Land-sea carbon and nutrient fluxes and coastal ocean CO2 exchange and acidification: Past, present, and future

Posted on the EPOCA blog, March 28, 2011

 

Epochs of changing atmospheric CO2 and seawater CO2-carbonic acid system chemistry and acidification have occurred during the Phanerozoic at various time scales. On the longer geologic time scale, as sea level rose and fell and continental free board decreased and increased, respectively, the riverine fluxes of Ca, Mg, DIC, and total alkalinity to the coastal ocean varied and helped regulate the C chemistry of seawater, but nevertheless there were major epochs of ocean acidification (OA). On the shorter glacial-interglacial time scale from the Last Glacial Maximum (LGM) to late preindustrial time, riverine fluxes of DIC, total alkalinity, and N and P nutrients increased and along with rising sea level, atmospheric PCO2 and temperature led, among other changes, to a slightly deceasing pH of coastal and open ocean waters, and to increasing net ecosystem calcification and decreasing net heterotrophy in coastal ocean waters.
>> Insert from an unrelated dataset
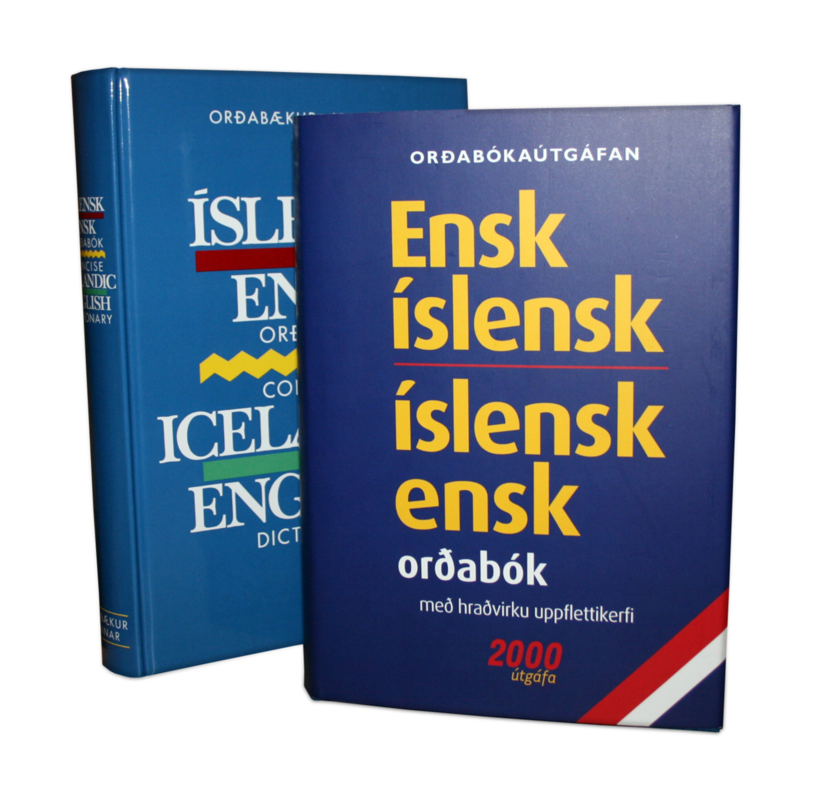 Two Icelandic bilingual dictionaries, cropped from background and shadow added in Photoshop.

From late the preindustrial time to the present and projected into the 21st century, human activities, such as fossil fuel and land use emissions of CO2 to the atmosphere, increasing application of N and P nutrient subsidies and combustion N to the landscape, and sewage discharges of C, N, P have led, and will continue to lead, to significant modifications of coastal ocean waters. The changes include a rapid decline in pH and carbonate saturation state (modern problem of ocean acidification), a shift toward dissolution of carbonate substrates exceeding production, potentially leading to the “demise” of the coral reefs, reversal of the direction of the sea to air flux of CO2 and enhanced biological production and burial of organic C, a small sink of anthropogenic CO2, accompanied by a continuous trend toward increasing autotrophy in coastal waters.

Mackenzie F. T., Andersson A. J., Arvidson R. S., Guidry M. W., & Lerman A., in press. Land-sea Carbon and Nutrient Fluxes and Coastal Ocean CO2 Exchange and Acidification: Past, Present, and Future. Applied Geochemistry doi:10.1016/j.apgeochem.2011.03.087. Article (subscription required).